November 13, 2018 / 1:21 AM / 8 months ago

NHL notebook: Tentative settlement reached in concussions lawsuit

The NHL and attorneys for retired players on Monday announced a tentative settlement in the concussions lawsuit filed against the league.

November 10, 2018; Los Angeles, CA, USA; Los Angeles Kings goaltender Jack Campbell (36) blocks shot against the Calgary Flames during the third period at Staples Center.
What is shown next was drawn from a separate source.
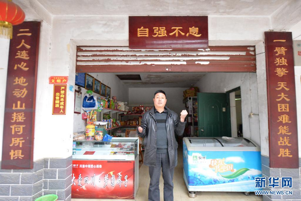 石光武小時候因事故致右手殘疾,妻子張正芳是聾啞人,他們一起努力,在村里開了一間小賣部。汶川大地震來襲時,石光武的住房和小賣部全部倒塌。在救援隊(duì)伍的幫助下,兩天后他就在路旁搭起兩間過渡房,臨時小賣部又開張了。
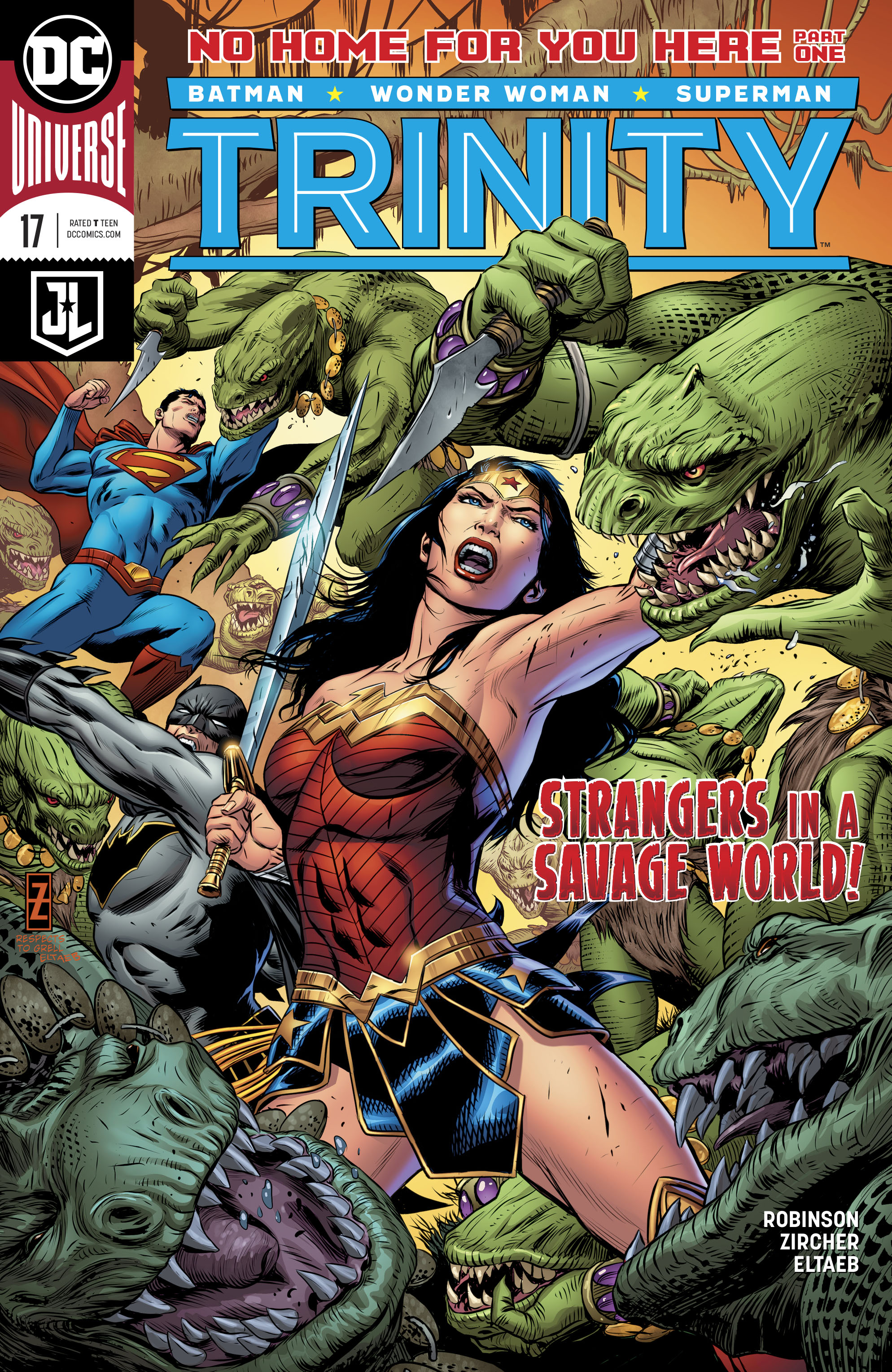 "No Home for you Here" part one! Batman and Superman embarked on a quest to help Wonder Woman rediscover Themyscira, but finding Diana's lost homeland proves more difficult than these three heroes expected. While on their journey, a distress call from a nearby ship turns out to be more than meets the eye, and the Trinity find themselves marooned on the dread island of Skartaris. To make their way back home, our heroes will have to overcome Deimos, who will stop at nothing to seal off Skartaris from the rest of world forever!

Mandatory Credit: Gary A. Vasquez-USA TODAY Sports

The lawsuit, handled in federal court in Minnesota, involves more than 100 former players who claim the NHL failed to better prevent head injuries or warn players of the risks while also promoting violent and dangerous play.

The total value of the settlement announced Monday is $16.9 million, according to the agreement released by the NHL. Of that total, nearly $7 million will be distributed to 318 settling plaintiffs, approximately $22,000 per player.

In a statement, the league said it is not acknowledging liability for any of the players’ claims: “The NHL does not acknowledge any liability for any of Plaintiffs’ claims in these cases. However, the parties agree that the settlement is a fair and reasonable resolution and that it is in the parties’ respective best interests to receive the benefits of the settlement and to avoid the burden, risk and expense of further litigation.”

—Los Angeles Kings goaltender Jack Campbell needs knee surgery and will miss approximately four to six weeks, the team announced.

Campbell will have surgery to repair a torn meniscus. He was injured during Saturday’s game against the Calgary Flames.

Campbell has been the Kings’ main starter while star goalie Jonathan Quick recovers from his own meniscus surgery. Quick was injured in late October and is out indefinitely.

—After undergoing multiple major surgeries for hip dysplasia, 21-year-old St. Louis Blues goaltender Luke Opilka announced his retirement from professional hockey.

“I want to thank the St. Louis Blues, my hometown team, for drafting me and giving me an opportunity to pursue my dream,” Opilka said in a statement. “Unfortunately, my career ended sooner than I hoped, but I’m excited to continue my education and begin a new chapter in my life.”

The St. Louis native was drafted by the Blues in the fifth round (146th overall) in 2015. Before he was drafted, Opilka spent two seasons with the U.S. National Development Team in the United States Hockey League. He then joined the Kitchener Rangers in the Ontario Hockey League, where he posted a 40-24-6 record.